Я, Тижани из рода Улад Салем, знал это. Они принесли его сюда. Наши доставили его останки. Они забрали его ночью без ведома его друзей и тех, из той деревни, обманув бдительность всех. Они сразу же сообразили, что нужно делать. Что они обязаны сделать. Теперь он не уйдет. Никогда. Я знал это с тех пор, как увидел его впервые.

Тогда я сказал себе: этот Маджар, который еще зовется Хакимом, — он самый и есть. Он — и никто другой. Он будет нас защищать. Теперь он вернулся и похоронен в нашей земле.
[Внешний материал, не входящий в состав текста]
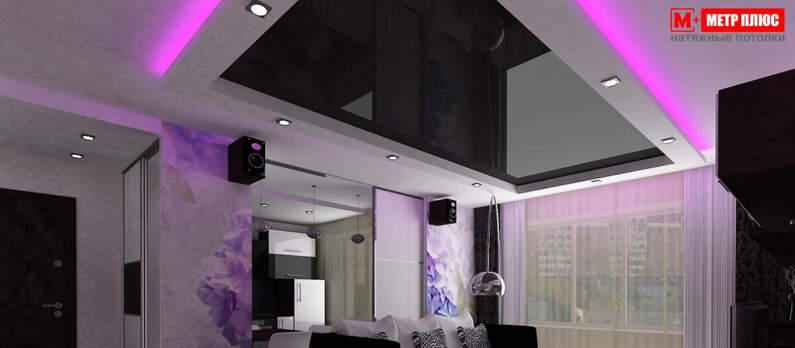 Вот тоже хороший пример. Сплошное чёрное глянцевое полотно натянуто на всё помещение. Зонирование квартиры происходит благодаря декоративной стенке, которая плавно переходит на потолок. Достаточно установить разное по цвету напольное покрытие и установить две люстры для освещения помещения.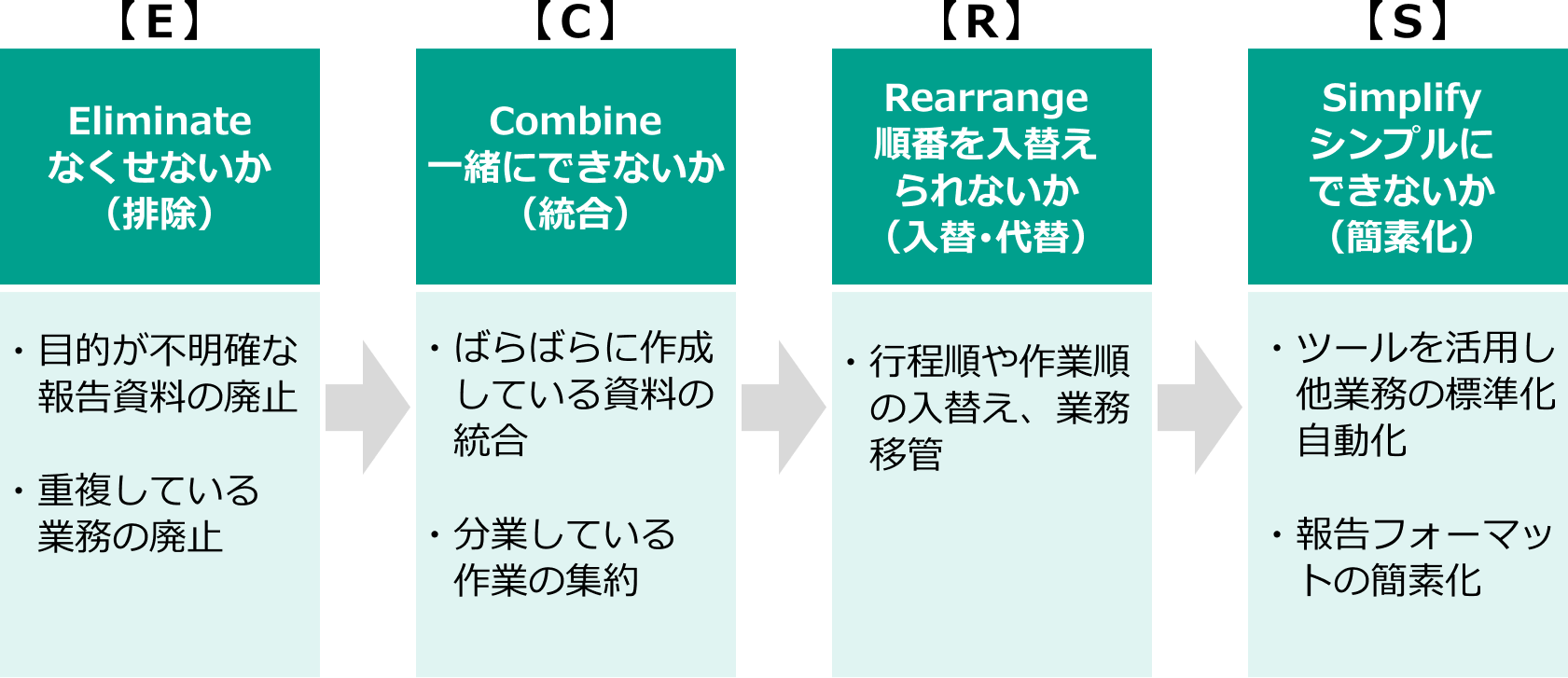 業務を可視化する中で、特に無駄や非効率が発生している業務を特定します 。 その上で、ECRS(下図)と呼ばれる「排除」「統合」「入替・代替」「簡素化」の4つの観点から改善の方向性を検討し、業務の効率化を図ります 。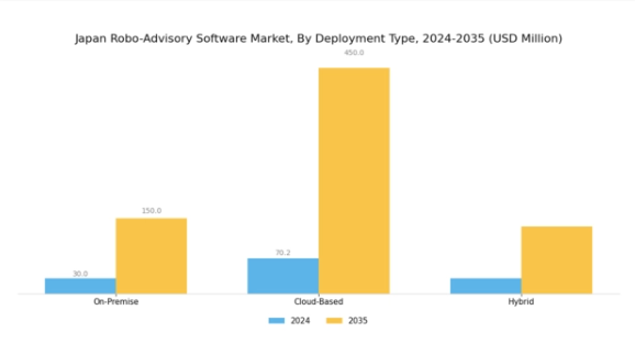 日本におけるロボアドバイザーソフトウェア市場の導入形態別セグメンテーションは、同地域における金融技術導入モデルの進化を示す重要な動向を浮き彫りにしています。デジタル金融サービスの採用拡大に伴い、日本の組織はオンプレミス、クラウドベース、ハイブリッドソリューションなど、様々な導入形態への移行を積極的に進めています。オンプレミス導入は、セキュリティとコンプライアンスを優先する機関から従来型に支持されてきました。これらのシステムは、組織のインフラストラクチャ内で直接、データプライバシーと管理に対するより大きな制御を可能にするためです。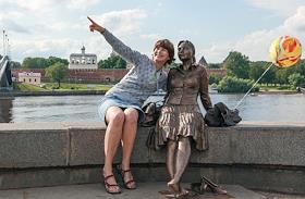 Виды Великого Новгорода. Девушка позирует у памятника туристке, установленного в 2009 году у…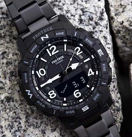 Cel mai recent reprezentant al Casio Pro Track este interesant pentru călători, alpiniști, turiști de munte și cei mai disperați iubitori de activități în aer liber. Seria PRT-B50, căreia îi aparține noutatea, este deja cunoscută de fanii mărcii ca fiind un echipament de încredere care va face orice mediu exterior mai confortabil și mai sigur. Modelul se deosebește de predecesorii săi prin rezistența crescută la zgârieturi pe brățară - în acest scop, este prelucrat folosind tehnologia IP Finish. Partea funcțională a devenit și mai avansată, a devenit posibilă înregistrarea punctelor cheie ale traseului cu indicarea înălțimii, care sunt suprapuse pe hartă în aplicația ProTrek Connected.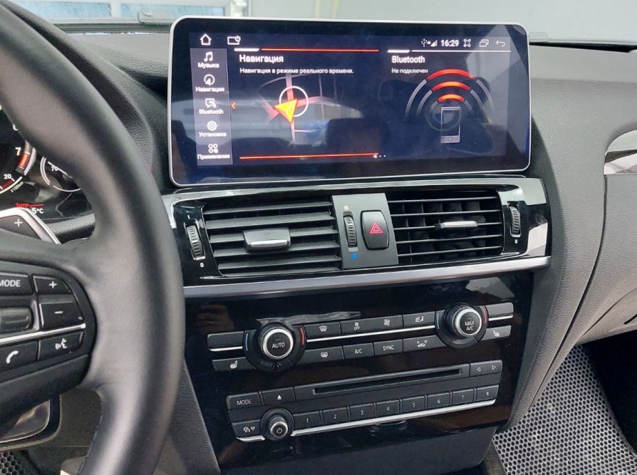 Замена штатного монитора BMW X3/X4 (F25/F26) 2013-2016 NBT на 12,3-дюймовый емкостный сенсорный экран высокого разрешения (1920х720) с предустановленной ОС Android 13. Монитор устанавливается в штатное место автомобиля взамен оригинального монитора и органично вписывается в интерьер салона, при этом сохраняются все штатные функции: FM радио, работа кнопок на руле, штатная камера заднего вида, парктроник и т.д…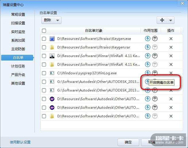 瑞星杀毒软件V16+白名单设置中,作用范围一栏下面的状态图标及其提示标签的意义不明确,请详细解释并改进一下!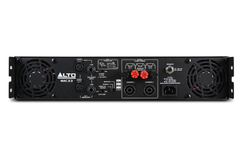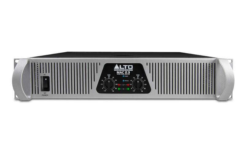 Everything about the Alto Professional MAC 2.3 is designed with your performance in mind. Multiple input and output formats allow easy connections to any system. Individual channel levels offer outstanding control, along with high-visibility LED status indicators. Efficient toroidal transformers ensure low noise levels. Each channel can drive a 2 O load for long periods of time, without overheating. Bridged for mono operation, the MAC 2.3 reliably supplies up to 2200 Watts (at 4 O) to keep those subwoofers thumping. Day after day, night after night, the MAC 2.3 is ready to enhance any DJ system, touring rig, stadium, or house of worship with ample amounts of the cleanest possible sound.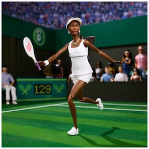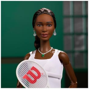 A boneca Barbie Inspiring Women Venus Williams homenageia a tenista campeã mundial e sua atuação em defesa da igualdade de premiação entre mulheres e homens no tênis. A boneca veste uniforme de tênis inspirado em seu visual de quadra, composto por top, shorts, viseira e tênis esportivos. Como referência ao torneio de 2007, ela usa um colar com pedra verde, reproduzindo o acessório real da atleta. ?O conjunto inclui uma raquete de tênis para compor poses de jogo e exibição. A embalagem é desenhada para exposição, permitindo que a boneca seja exibida em caixa, voltada tanto para colecionadores quanto para crianças a partir de 6 anos. ? Ficha Técnica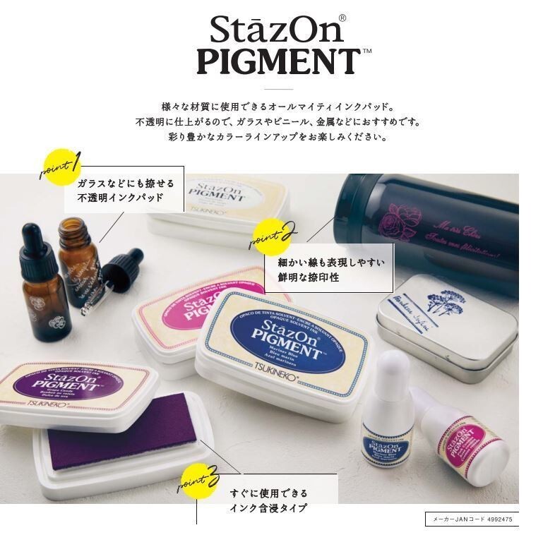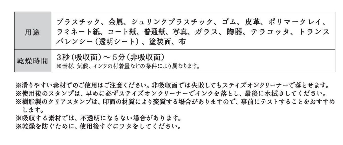 様々な材質に使用可能なオールマイティなインクパッドです。不透明な仕上がるのでガラスやビニール、金属等にもおすすめです。いろんなものをデコレーションしてお楽しみください♪※滑りやすい素材でのご使用はご注意ください。※使用後のスタンプは、早めに必ずステイズオンクリーナー(※別売り)でインクを落とし、最後に水拭きしてください。※吸収する素材では不透明にならない場合がございます。※乾燥を防ぐ為に、ご使用後はすぐにフタをしてください。サイズ:約W9.7×D5.7×H2.3cm 盤面 約7.6×3.5cm※実店舗や他の販売サイトと在庫を共有しているため、売り違いが発生する可能性がございます。その際には、何卒ご理解いただけますようお願い申し上げます。お客様にはご迷惑をおかけしないよう、努めてまいります。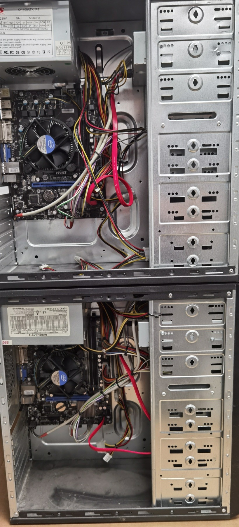 Eladó a képen látható két darab szinte teljesen egyforma asztali PC. Ram és merevlemez hiányzik az üzemeléséhez. A kettő együtt 10000ft, külön is eladó, úgy darabja 6000ft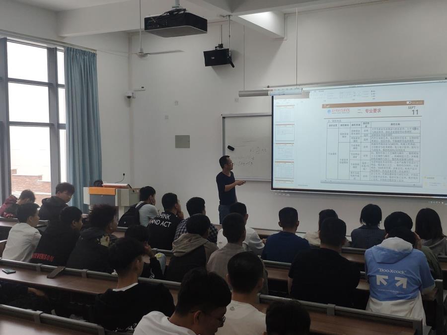 当前位置: 系部首页>学生工作为帮助2020级新生同学更快地适应校园生活,了解所属专业知识,10月16日上午八点,机械工程学院于信息楼中103小礼堂隆重举行2020级新生见面会。机械工程学院许志敏书记、陆宇立主任、张星副主任、林黄耀副主任、大一辅导员曾嘉靖老师、各专业主任及2020级全体新生参与本次新生见面会,本次会议由许志敏书记主持。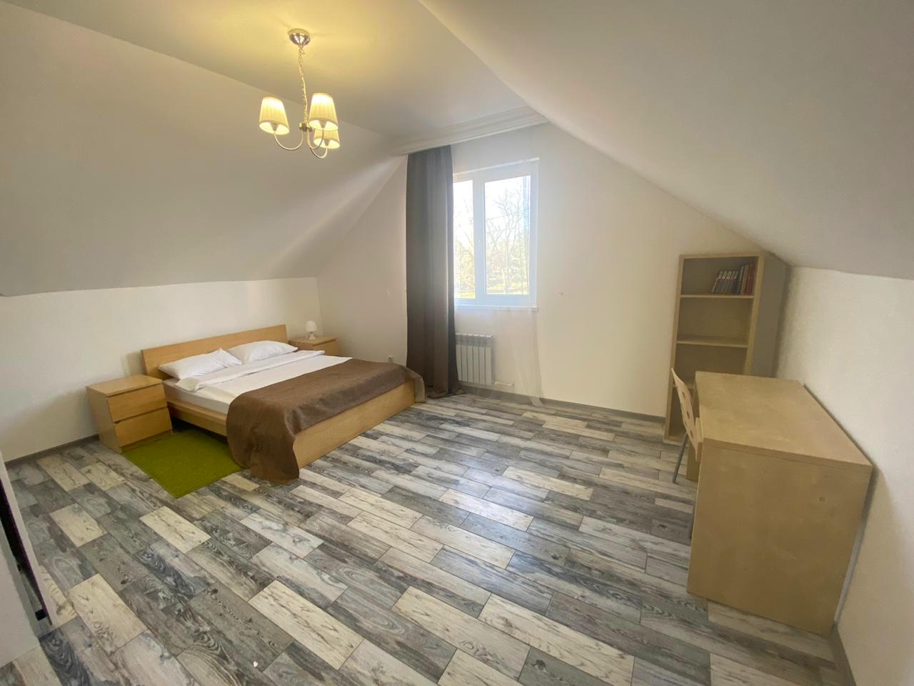 вешалка, зеркало, кровать двуспальная, прикроватные тумбочки, стол, стулья, шкаф

Теперь он живет с нами, и никто, кроме нас, не будет этого знать, никогда не узнает, похоронен ли он где-либо или исчез неизвестно куда. Я знал, что он вернется. И он вернулся. Он словно растворился в окружающем, он как бы везде и нигде, более живой, более реальный после смерти, чем при жизни.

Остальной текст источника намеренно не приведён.